Collected data:

○ ○ ○ ○ ○

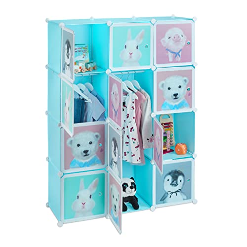 Relaxdays Scaffale Componibile da Cameretta, 2 Aste Appendiabiti, Disegni Animali, HxLxP: 145x109x37 cm, Incastro, Blu, 80% plastica 20% Ferro
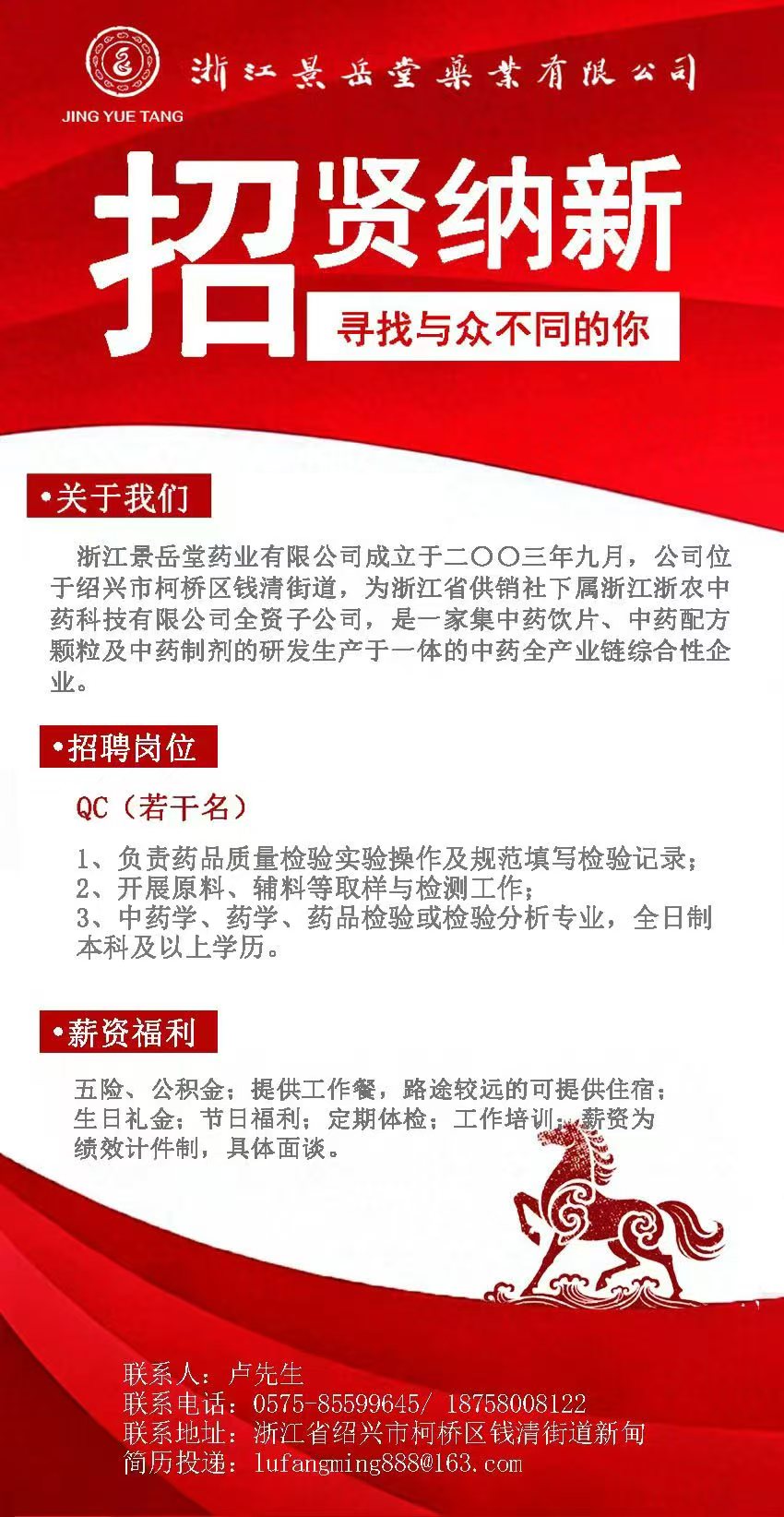 【暖心送岗】浙江景岳堂药业有限公司QC招聘
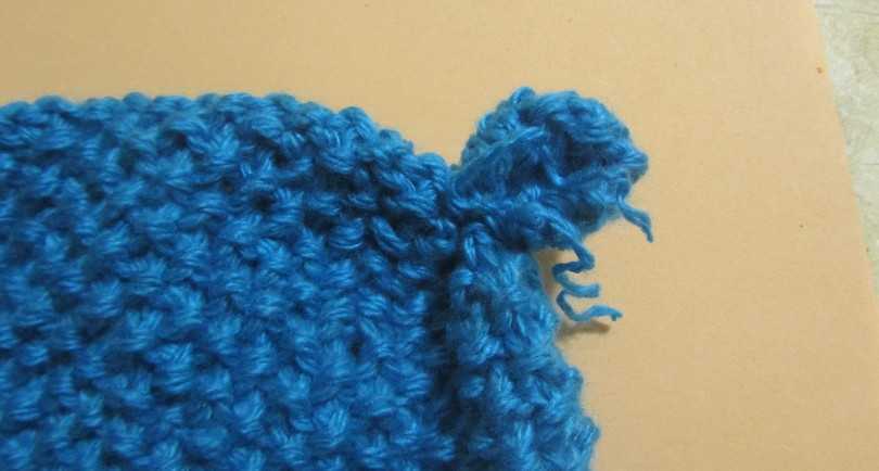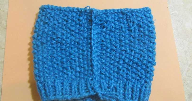 Собрать на круговые спицы следующим образом: ушко, плюс 11 п., второе ушко, плюс 25 п. Провязать 10 см лицевой гладью.
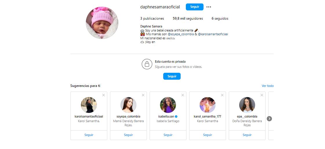 Daphne Samara quien cumplió este 8 de mayo su primer mes, ya es una celebridad en redes como hija de Epa. En instagram tiene una cuenta que no se sabe si fue la influencer la abrió. Porque aún es privada y pueder que fans de Dadeiny se le adelantaron. Una de las cuentas “Epa_Colombia” que aclara que es la de fans con más de 162.000 seguidores comparte videos con su hija, fotos y detalles especiales. Detallando el nacimiento hasta el primes mes. La duda es que Daphne es referenciada como @daphnesamaraoficial. Un cuenta que al darle click es privada con la frase “soy una bebé creada atificialmente“. Esa cuenta tiene 59.8 mil seguidores.
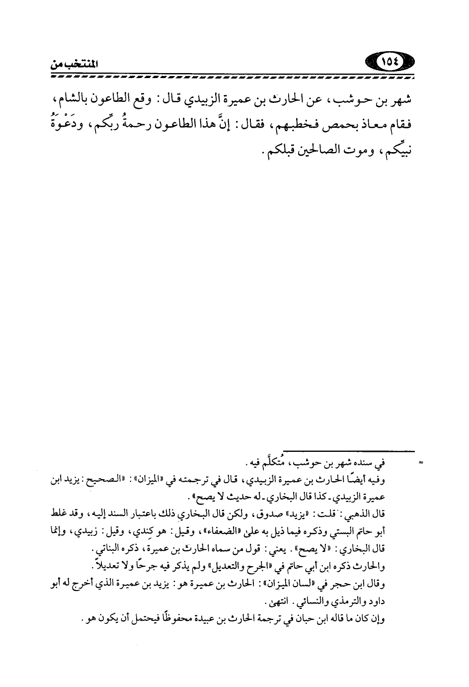 شَهْرِ بْنِ حَوْشَبٍ، عَنِ الحَارثِ بن عميرة الزُّبَيْديِّ قَالَ: وَقَعَ الطَّاعُونُ بِالشَّامِ، فَقَامَ مُعَاذٌ بِحِمْصَ فَخَطَبَهُمْ، فَقَالَ: إِنَّ هَذَا الطَّاعُونَ رَحْمَةُ رَبِّكُمْ، وَدَعْوَةُ نَبِيِّكُمْ، وَمَوْتُ الصَّالِحِينَ قَبْلَكُمْ.
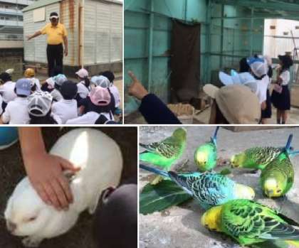 いつもは、飼育小屋にいるウサギとインコを外から見ているだけでしたが、今日は、ウサギとふれ合ったり、インコのそばに行って何羽いるか数えたりしました。
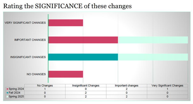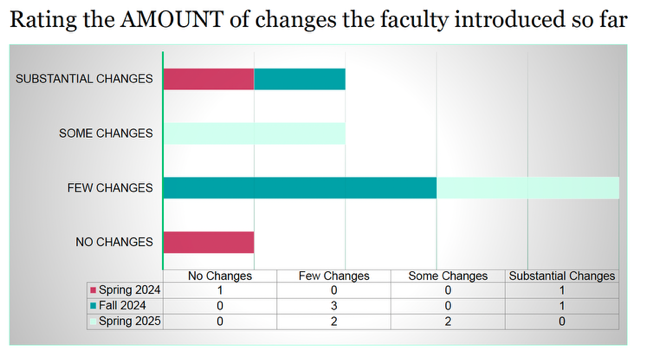 Table rating the amount of changes the faculty introduced the far: Row 1: Term, No Changes, Few Changes, Some Changes, Substantial Changes Row 2: Spring 2024, 1, 0, 0, 1 Row 3: Fall 2024, 0, 3, 0, 1 Row 4: Spring 2025, 0, 2, 2, 0Table rating the significance of changes faculty have introduced the far: Row 1: Term, No Changes, Insignificant Changes, Important Changes, Very Significant Changes Row 2: Spring 2024, 1, 0, 2, 1 Row 3: Fall 2024, 0, 2, 0, 0 Row 4: Spring 2025, 0, 2, 2, 0
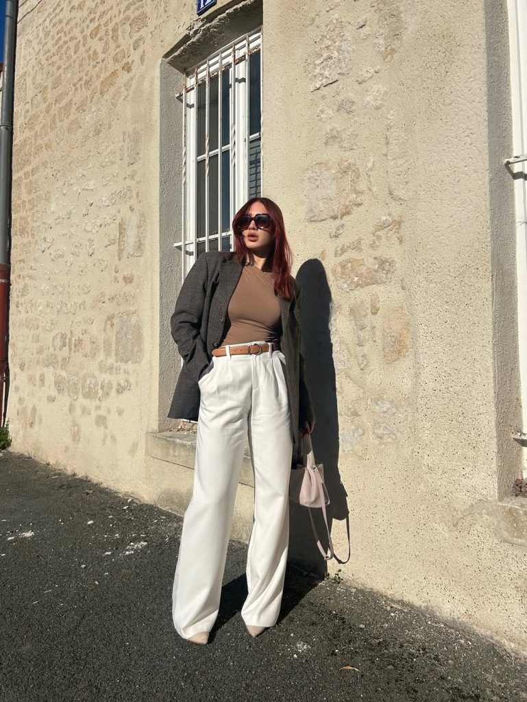 Taupe, white, and charcoal create a refined, modern outfit that feels crisp and capable—a perfect blend of chic and practical style for 2026.
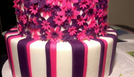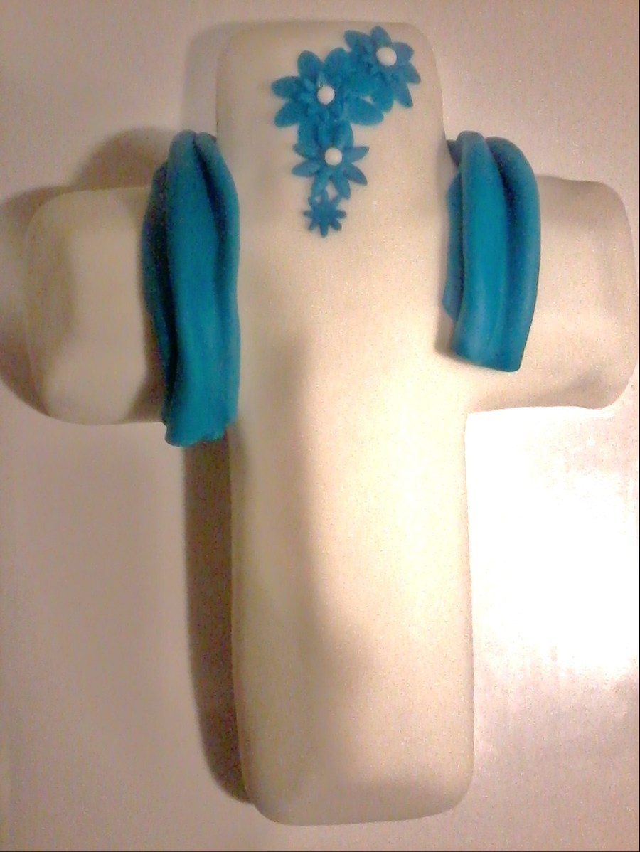 Cake for church event. White fondant with Blue fondant cloth and flowers.

○ ○ ○ ○ ○

The records above are to be repeated exactly, apart from their pictures.

 Relaxdays Scaffale Componibile da Cameretta, 2 Aste Appendiabiti, Disegni Animali, HxLxP: 145x109x37 cm, Incastro, Blu, 80% plastica 20% Ferro
 【暖心送岗】浙江景岳堂药业有限公司QC招聘
 Собрать на круговые спицы следующим образом: ушко, плюс 11 п., второе ушко, плюс 25 п. Провязать 10 см лицевой гладью.
 Daphne Samara quien cumplió este 8 de mayo su primer mes, ya es una celebridad en redes como hija de Epa. En instagram tiene una cuenta que no se sabe si fue la influencer la abrió. Porque aún es privada y pueder que fans de Dadeiny se le adelantaron. Una de las cuentas “Epa_Colombia” que aclara que es la de fans con más de 162.000 seguidores comparte videos con su hija, fotos y detalles especiales. Detallando el nacimiento hasta el primes mes. La duda es que Daphne es referenciada como @daphnesamaraoficial. Un cuenta que al darle click es privada con la frase “soy una bebé creada atificialmente“. Esa cuenta tiene 59.8 mil seguidores.
 شَهْرِ بْنِ حَوْشَبٍ، عَنِ الحَارثِ بن عميرة الزُّبَيْديِّ قَالَ: وَقَعَ الطَّاعُونُ بِالشَّامِ، فَقَامَ مُعَاذٌ بِحِمْصَ فَخَطَبَهُمْ، فَقَالَ: إِنَّ هَذَا الطَّاعُونَ رَحْمَةُ رَبِّكُمْ، وَدَعْوَةُ نَبِيِّكُمْ، وَمَوْتُ الصَّالِحِينَ قَبْلَكُمْ.
 いつもは、飼育小屋にいるウサギとインコを外から見ているだけでしたが、今日は、ウサギとふれ合ったり、インコのそばに行って何羽いるか数えたりしました。
 Table rating the amount of changes the faculty introduced the far: Row 1: Term, No Changes, Few Changes, Some Changes, Substantial Changes Row 2: Spring 2024, 1, 0, 0, 1 Row 3: Fall 2024, 0, 3, 0, 1 Row 4: Spring 2025, 0, 2, 2, 0Table rating the significance of changes faculty have introduced the far: Row 1: Term, No Changes, Insignificant Changes, Important Changes, Very Significant Changes Row 2: Spring 2024, 1, 0, 2, 1 Row 3: Fall 2024, 0, 2, 0, 0 Row 4: Spring 2025, 0, 2, 2, 0
 Taupe, white, and charcoal create a refined, modern outfit that feels crisp and capable—a perfect blend of chic and practical style for 2026.
 Cake for church event. White fondant with Blue fondant cloth and flowers.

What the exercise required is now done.